Дверь закрылась за моей спиной.
Алиса прошла вглубь квартиры, зажгла свет на кухне. Лицо стало чётче. Глаза — уже не сонные. Я видел, как в ней копится — не злость даже, нет. Что-то сильнее. Глубже. Слишком человеческое.
Она обернулась.
— Ты серьёзно думал, что я ничего не почувствую? Что можно вот так — трахнуть меня ночью, смотреть на меня, как будто я тебе… как будто я тебе правда нужна — и ничего не сказать?
— Я хотел сказать, — начал я. — Просто...
— Просто что? — перебила она. — Ждал идеального момента? Тишины? Времени без Вариной улыбки, без моей руки на твоей груди, без того, как я смотрела на тебя, чёрт побери?
Я молчал.
— Я не хотел предавать, — хрипло сказал я. — Я не знал, как правильно. Варя — моя жизнь. И я так долго учился защищать её, не подставлять. Я…
— Господи, — перебила она. Голос дрогнул, но не от слёз — от гнева. — Может, ты ещё и женат, Виктор? А? Может, у тебя где-то жена, двое детей и дача в Ломоносове? И я просто была очередным отвлечением между семейным ужином и командировкой?
Я застыл.
— Нет!

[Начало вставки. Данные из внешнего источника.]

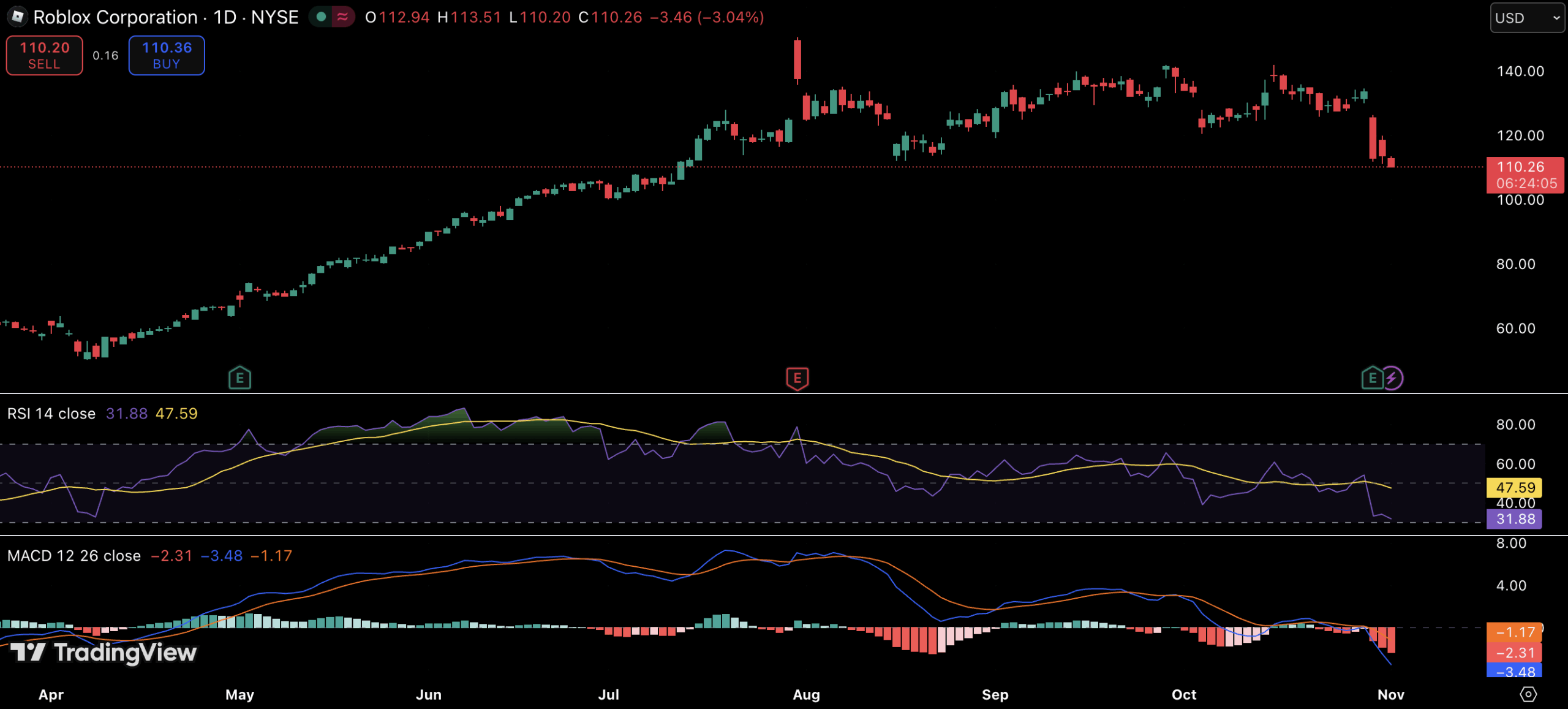 Tecnicamente, Roku sembra entrare in una fase iniziale di breakout, con indicatori di momentum positivi. Nel frattempo, l’RSI di Roblox è vicino alla zona di ipervenduto e il MACD resta negativo, suggerendo una possibile fase di consolidamento.

Чёрт возьми, нет! — сказал резко. — Я не женат. Ни на ком. И никогда не был. Варя — не из брака. Но она моя. С первого дня. Я один её растил, один ночами сидел, когда она болела. Один выбирал садики, нянечек, врачей.
— А трахался — не один, — выплюнула она. — Со мной. Без предупреждений. Без права выбора.
— Алиса… — сделал шаг ближе, но она подняла руку. Не прикасаться.
— Ты хоть понимаешь, как я себя чувствую сейчас?! — голос сорвался. — Ты поставил меня в позицию женщины, которая переспала с мужчиной с прошлым, о котором она не знала ни черта. Как будто ты сам выбирал, что мне позволено знать, а что нет.
— Я боялся, — честно сказал я. — Боялся, что если скажу — ты уйдёшь. Что всё, что было между нами… просто не выдержит этого.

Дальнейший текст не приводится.